Updating Your Local DrugBank Data
Introduction
Using up-to-date data can be the difference between success and failure, which is why DrugBank updates our data daily. After every update, the changes are reflected in our API and in each user's downloads portal. Meaning, it is possible to obtain a new set of files in your chosen format(s) on a regular basis. This short guide will walk you through how to automate the process of pulling DrugBank downloads data.
Managing Your Data Manually
DrugBank data download users can download zipped versions of any format of the DrugBank data they have access to through our downloads portal. The easiest way to manage data is to manually login and download a newer version of the data on a cadence that makes sense. Your downloads portal will contain a table of accessible files, which should look something like this:
Every available file will have a name, format, brief description, and a timestamp for when it was generated. Clicking the bright pink “download” button will download a zip file containing your data to the default location on your computer (e.g., on macOS, it should appear in your “Downloads” folder); alternatively, you can right-click and “save as.”
Once you have downloaded your data, you can then use it for downstream activities; for example, by loading it into a relational database for further use. Files can be downloaded multiple times.
Automating the Process
Another option is to automate the entire process. To make this as easy as possible, we’ve created the means to schedule data pulls (and any downstream processing) to run on a regular cadence (e.g., using cron or similar). In this way, you can ensure your DrugBank data will remain current without any manual intervention.
Instructions for how to pull the data using cURL are provided when you log into the downloads portal (under the heading “getting started with automatic downloads”). These instructions outline the corresponding URLs that are available and the way in which these correspond to each kind of data file available in your downloads portal. These can be called with any standard GET request to pull the latest version of a file. All that you need is the username and password associated with the downloads portal account.
To further assist users in setting up their own automated workflows, we include here a simple download script in Python (written in 3.10.2):
This script will work with a standard Python installation, but does require the user to install the requests library. The required command line arguments include the target export (listed as the "file name" in the downloads portal), the associated username and password, and a target local directory (can be an absolute or relative path).
As an example, to download and unzip a target export from a portal, you can run:
python3 </full/path/to/the/script.py> -d </path/to/target/directory> -e <export name> -u <user name> -p <user password> -t 5 --clean-zip --clean-dirs
Copy to clipboard
The '--clean-zip' flag attempts to remove the downloaded zipfile once its contents have been extracted, while the '--clean-dirs' flags attempt to remove previously unzipped subdirectories within the chosen target directory; both can be ommitted if desired. For a full list of the commandline options, run the script with the ‘-h/--help’ flag.
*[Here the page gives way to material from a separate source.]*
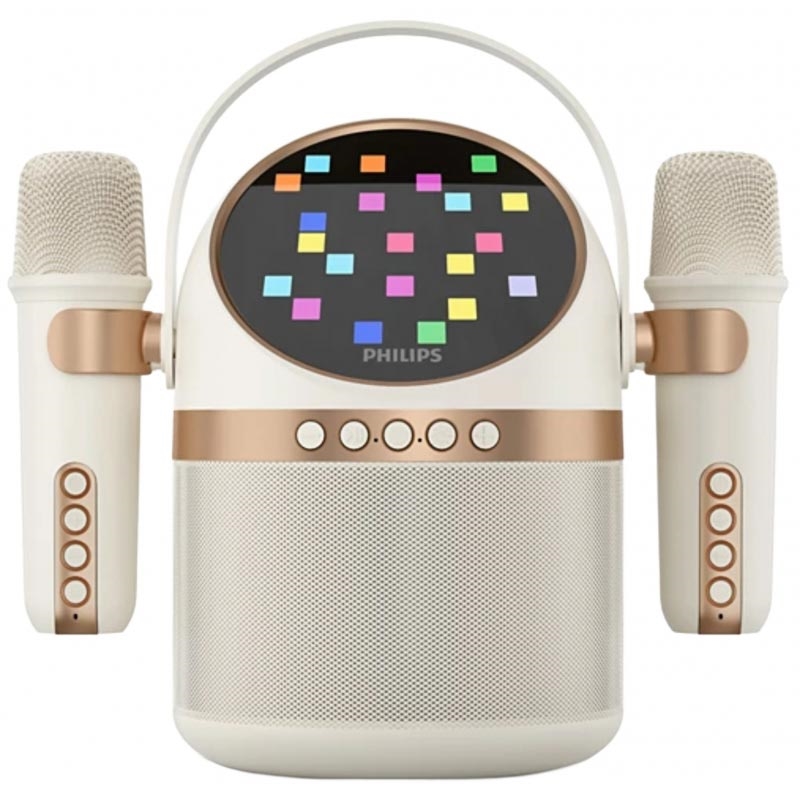 Difuzor portabil Bluetooth pentru karaoke Philips TAS2509WT/00 - 5 W RMS (10 W max.), 2 microfoane fără fir, lumini LED, baterie cu autonomie de 15 ore, USB-C

Best Practices - Protecting Your Credentials
Although the script can be run as shown above, where the portal profile credentials are specified on the command line, this can be insecure. Another option is to set the corresponding environment variables DRUGBANK_EXPORT_NAME, DRUGBANK_USERNAME, and DRUGBANK_PASSWORD. If these are set, the ‘-e’, ‘-u’, and ‘-p’ arguments can be skipped; the script will instead pull the values from your environment. This is beneficial, especially on shared hardware, as these data will not be logged in your shell command history.
Conclusion
In this short guide, we have discussed how to pull DrugBank data, both manually and in a more automatable manner using GET requests. The provided script can be used as-is, or serve as a useful starting point for power users to write their own logic in the language of their choice. Automating data pulls offers a simple way to keep your DrugBank data up-to-date, ensuring you always have the most accurate information.